Задумчивый взгляд надзирательницы остановился на совсем еще юной женщине, которая, казалось, отказалась от всего. Голос госпожи Анер зазвучал мягче:

— В тюрьме всегда что-нибудь нужно. Особенно женщине… Я к вам еще загляну.

Она уже собиралась выйти, но Анна-Лаура удержала ее:

— Прошу вас, сударыня, не могли бы вы мне сказать, здесь ли герцог Нивернейский?

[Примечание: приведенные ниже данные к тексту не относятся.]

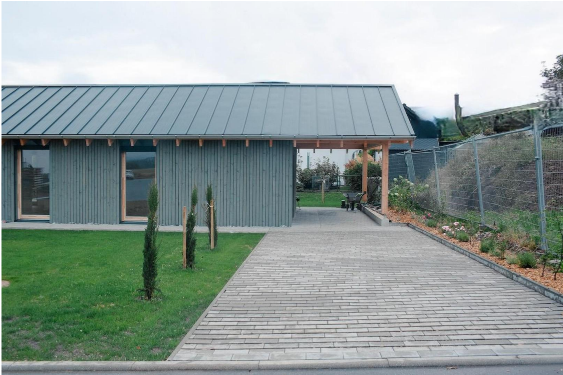
Hof und Carport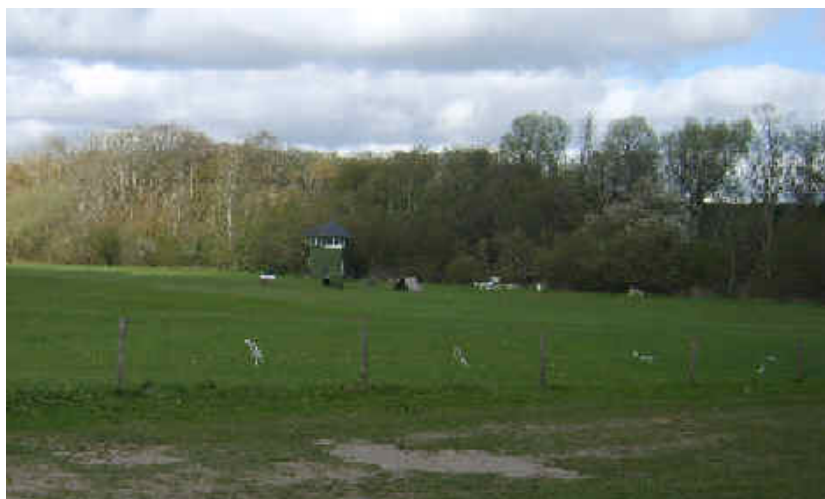
Lindholm banen i øjenhøjde 2010

Aalborg Amtsavis bragte d. 21. august 1950 denne overskrift på et referat af løbene på Lindholm dagen før.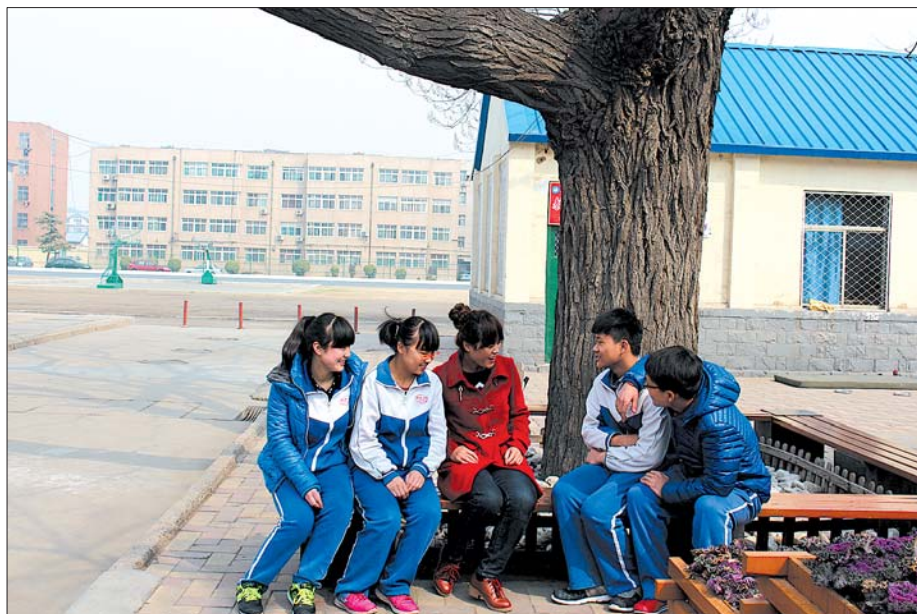
给学生谈心的“老大”。

— Нет, его здесь нет, но это не значит, что его сюда не привезут. И потом, другие тюрьмы тоже заполняются арестованными. Но вы сказали, что никого не знаете. Значит, вы обманули нас?

— Нет-нет! Это мой единственный друг, и он уже очень стар.

— Я постараюсь выяснить.

Раздалось звяканье ключей, потом заскрежетал замок, и все стихло. Анна-Лаура оказалась в полутьме, так как солнце не проникало в окно камеры, где держался сильный запах плесени. Она слышала не только звуки тюрьмы, но и шум с улицы, где ни на минуту не стихала вакханалия. Когда люди не пели эту кошмарную «Са ира!», они выкрикивали проклятия королевской семье, герцогу Брауншвейгскому и всем этим арестованным дворянчикам, которых постоянно подвозили к воротам тюрьмы. Не смолкали восторженные приветствия в адрес Дантона, Марата и Робеспьера, приведших народ к переменам и новой жизни, которая, как надеялась толпа, продлится вечно.

Анна-Лаура старалась не слышать этих разнузданных выкриков. Она никогда не была очень набожной, а после смерти Селины вообще перестала молиться. Она лишь ждала, когда за ней придут и отведут на эшафот. Это будет ужасный момент, но потом все кончится, наступит освобождение!

И только на десятый день дверь наконец отворилась и в камере появилась благородная и гордая дама. Маркизе де Турзель предстояло отныне делить с Анной-Лаурой тяготы заточения, и гувернантка дофина не смогла скрыть своего удивления:

— Госпожа де Понталек? Но как вы сюда попали? Моя дочь Полина говорила, что вы бросились в Сену. Мы предположили, что вы утонули, так как о вас не было никаких известий. Принцесса Мария Терезия, которой вы так понравились, очень горевала…

— Я тронута, сударыня, и мне очень жаль, что расстроила ее высочество. Выбравшись на берег, потому что с детства умею плавать, мне не удалось спастись — тем же утром меня арестовали в моем доме на улице Бельшас как подругу королевы.

— Это какая-то ошибка! Дружеское отношение к вам ее величества проявилось так недавно, что никто не мог узнать об этом. Правда, маркиз был верным ее другом. Его тоже арестовали?

Анна-Лаура отвела глаза:

— Надеюсь, что нет. Он отправился к графу Прованскому, который призвал его к себе.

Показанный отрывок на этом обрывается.